Determine the real number $A$ such that the following equation has a real answer for $C$ for every real $B$ :
A² + B² + C² + 2ABC = 1
first I tried numbering B and find some good equality for example if we choose B=1 we can find A=C but surely this is does not answer the problem could you guys help to solve this problem?
On
Whichever variable we solve for, we discover the same thing.

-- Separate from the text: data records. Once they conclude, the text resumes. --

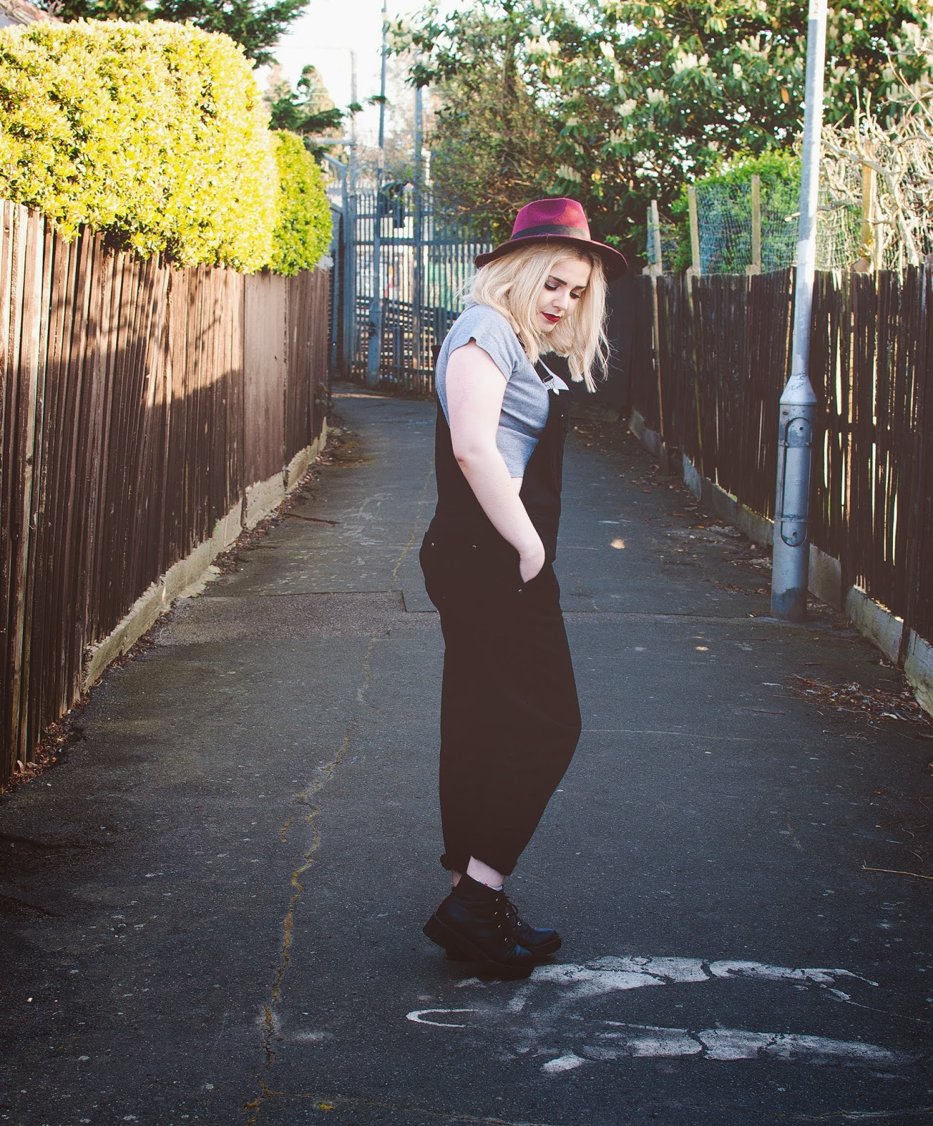Top: Primark | Dungarees: ASOS (here) Boots: ASOS | Hat: Depop | Sunglasses: Chicnova*
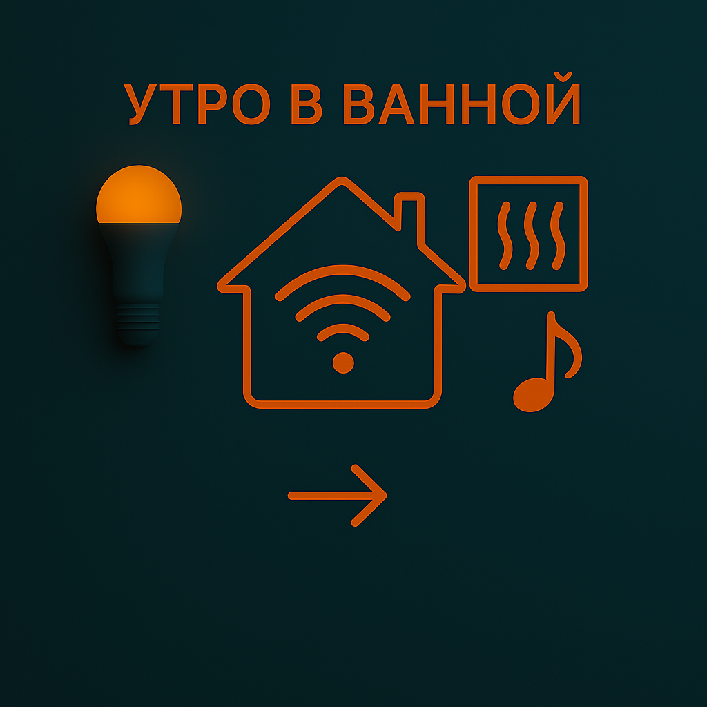 Включается тёплый свет, подогревается пол, играет музыка. Дом заботится о вас с первых минут дня.
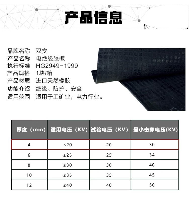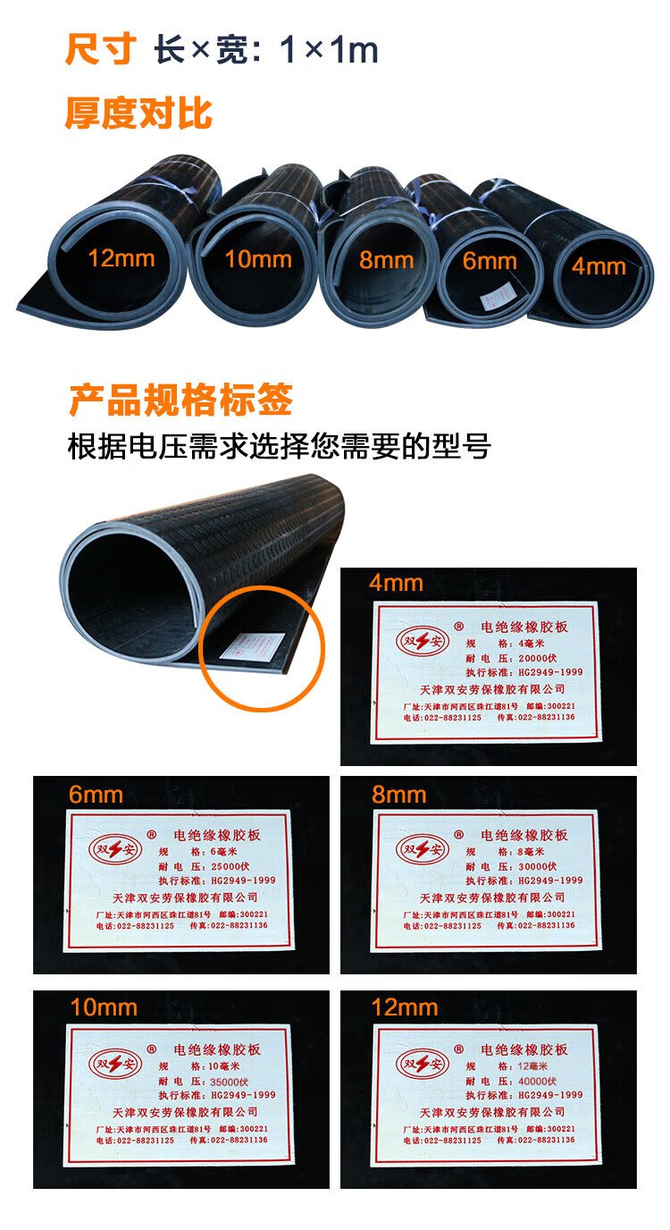 Double-safe insulation mat power distribution room 4mm rubber plate DX041 anti-slip floor mat 1m*1m high voltage resistant 20kv national standard power distribution room electrical insulation blanket power plant special thickened shock-absorbing industrial rubber
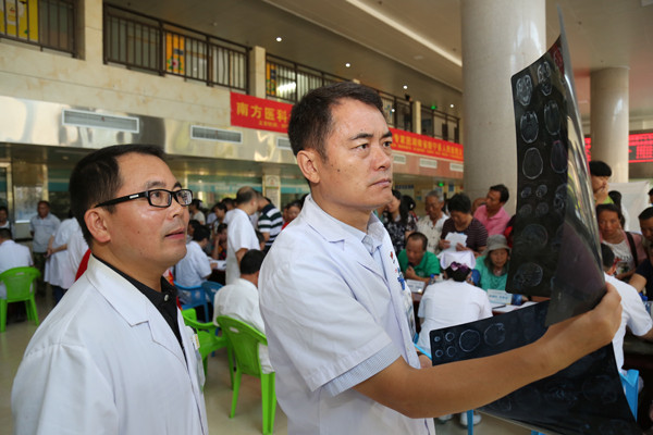 4场义诊活动联合了正大邵阳骨伤科医院、新邵县人民医院、邵阳市中西医结合医院、新宁县人民医院共同举行,专家们凭借丰富的临床经验,认真地、耐心地为前来就诊的群众检查身体、询问病情、阅片开方、传授保健知识。
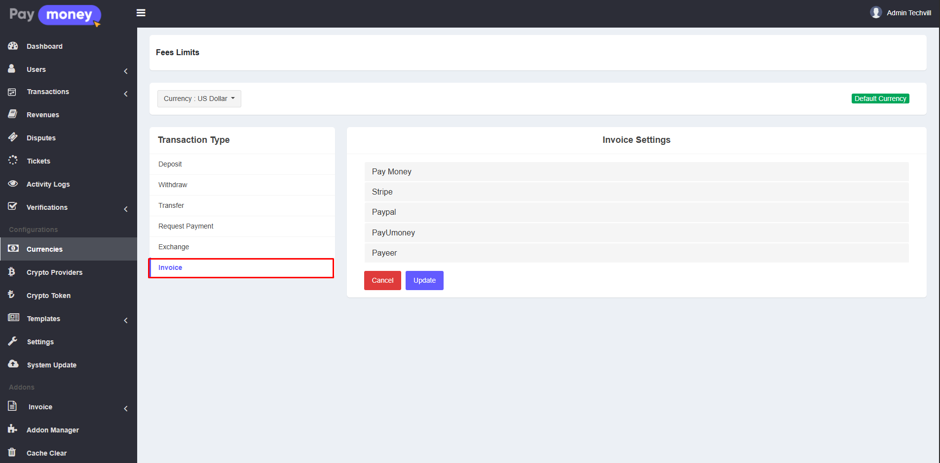 Admins can configure transaction fees and define limits for invoice payments. This ensures flexibility in managing charges and maintaining control over payment thresholds.
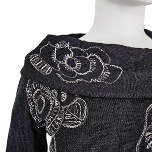soft sweater with a foldover neckline and overall abstract floral embroidery. has a built-in cami underneath.
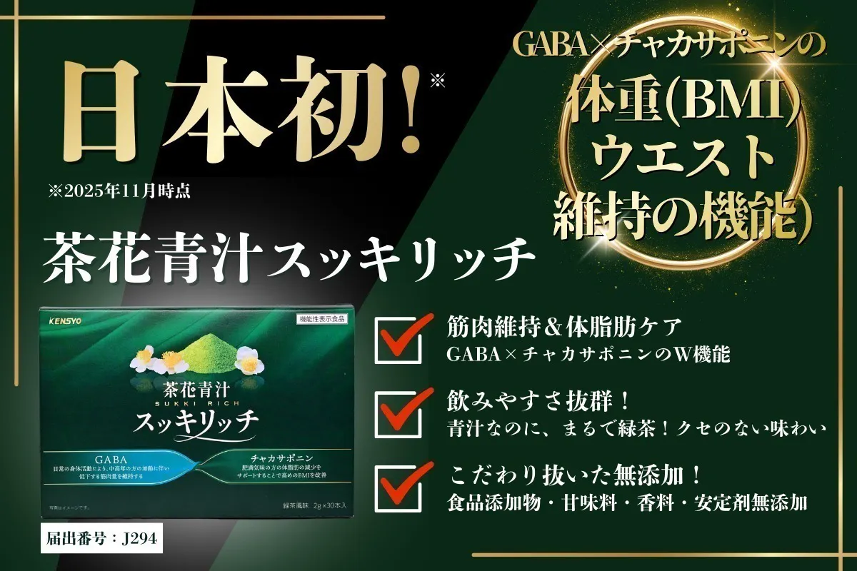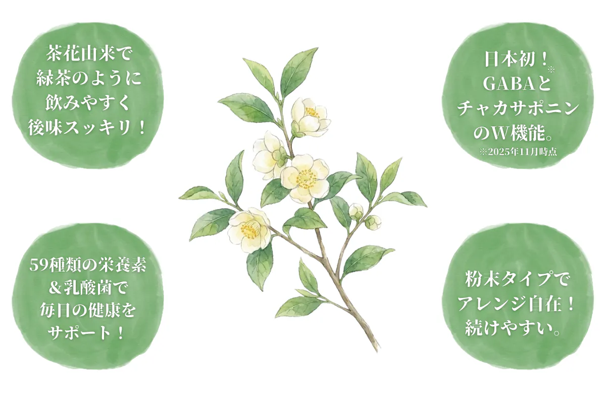 さらに、59種類の栄養素をもつユーグレナ、ビタミン・ミネラルが豊富なことで世界でも注目されるモリンガ、腸にうれしい乳酸菌も配合し、ダイエットとリバウンド対策、日々の栄養ケアまで支える“新しい青汁体験”を目指して「茶花青汁スッキリッチ」を開発しました。

\begin{align*} A² &+ B² + C² + 2ABC = 1\\ A² &+ (2BC)A + (B² + C² - 1) = 0\\ \\ A &= \frac{-2BC\pm\sqrt{(2BC)^2-4(1)(B² + C² - 1)}}{2}&\\ A &= -BC\pm\sqrt{(B^2 - 1) (C^2 - 1)}\\ \end{align*}
Here, we can see that both variables under that radical must be greater than one of less than one. Since the variables are interchangeable, we know that all three must share this property so, either $A,B,C \le 1$ or $A,B,C \ge1,\space$ –– in absolute value that is.
Solve for $C$:
$$C=-AB\pm\sqrt{A^2B^2-A^2-B^2+1}$$
We need a real $A$ such that $A^2B^2-A^2-B^2+1\geq 0$ for any real $B$. Notice that we can factor this to get
$$(A^2-1)(B^2-1)\geq0.$$
Since $B^2-1\geq0$ for all $|B|\geq1$ and $B^2-1<0$ for all $|B|<1$, there are only two $A$-values that can maintain the above inequality regardless of the $B$-value; that is, $A=\pm1$.